What’s Bad?

Is it possible to have a “bad” viva?

There are lots of general expectations about the viva process. A reasonable expectation for the duration is two to three hours. There are outliers: it’s possible to be finished in less than an hour, but it’s not a possibility to be hoped for. My viva was four hours and I once met someone whose viva was five hours!

I don’t think my viva was “bad” but can imagine that for another person four hours would have felt like an awfully long time.

Maybe there are certain questions that would feel bad to receive. Perhaps a particular focus by an examiner would be unwelcome. There’s a very remote chance that an examiner could approach the viva with the wrong attitude: looking to find problems or to show off their own knowledge and experience.
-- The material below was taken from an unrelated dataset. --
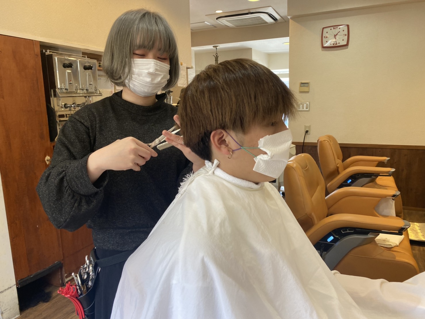 ・カット中には、簡易マスクをお渡し。着用をお願いしています。
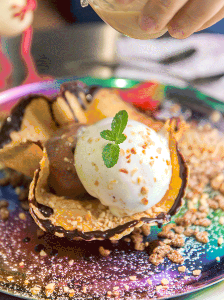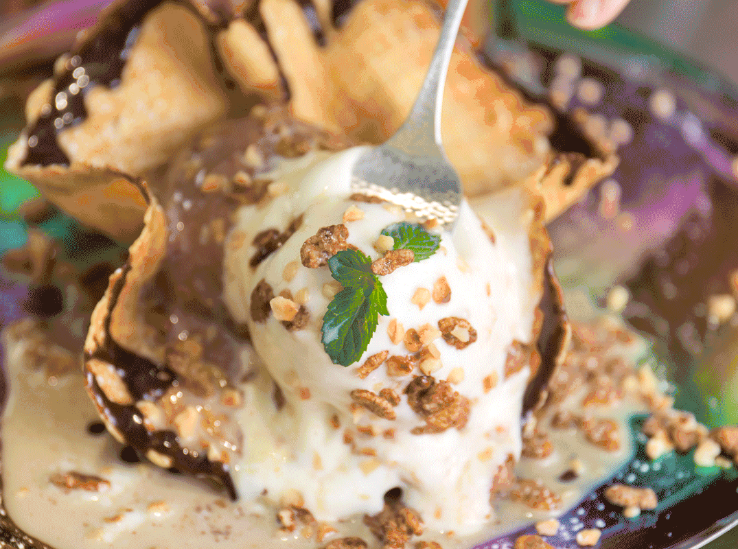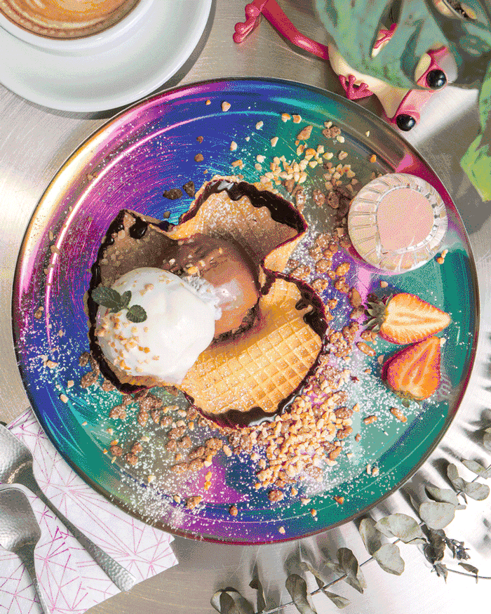 新鲜烘烤出来的华夫饼,放上两颗Gelato球,再撒上些麦片碎,看着无异,其实还有小心机~

That would be objectively bad and it’s very unlikely, thankfully.


Most ideas of a “bad” viva are subjective: you have concerns about what could make your viva “bad” for you. If you can name those concerns then maybe you can do something about them.

For example, if a “bad” viva would be one where you forgot things, then you could take steps in your prep to help in case that happened. If a “bad” viva focussed on a particular topic, then you could do extra reading in preparation, or take time to rehearse more for talking about it.

If you have an idea of something that would make your viva “bad”, first check to see if it’s at all likely. Knowing that it probably won’t happen could be enough to help – but if not, consider what steps you could take to help yourself.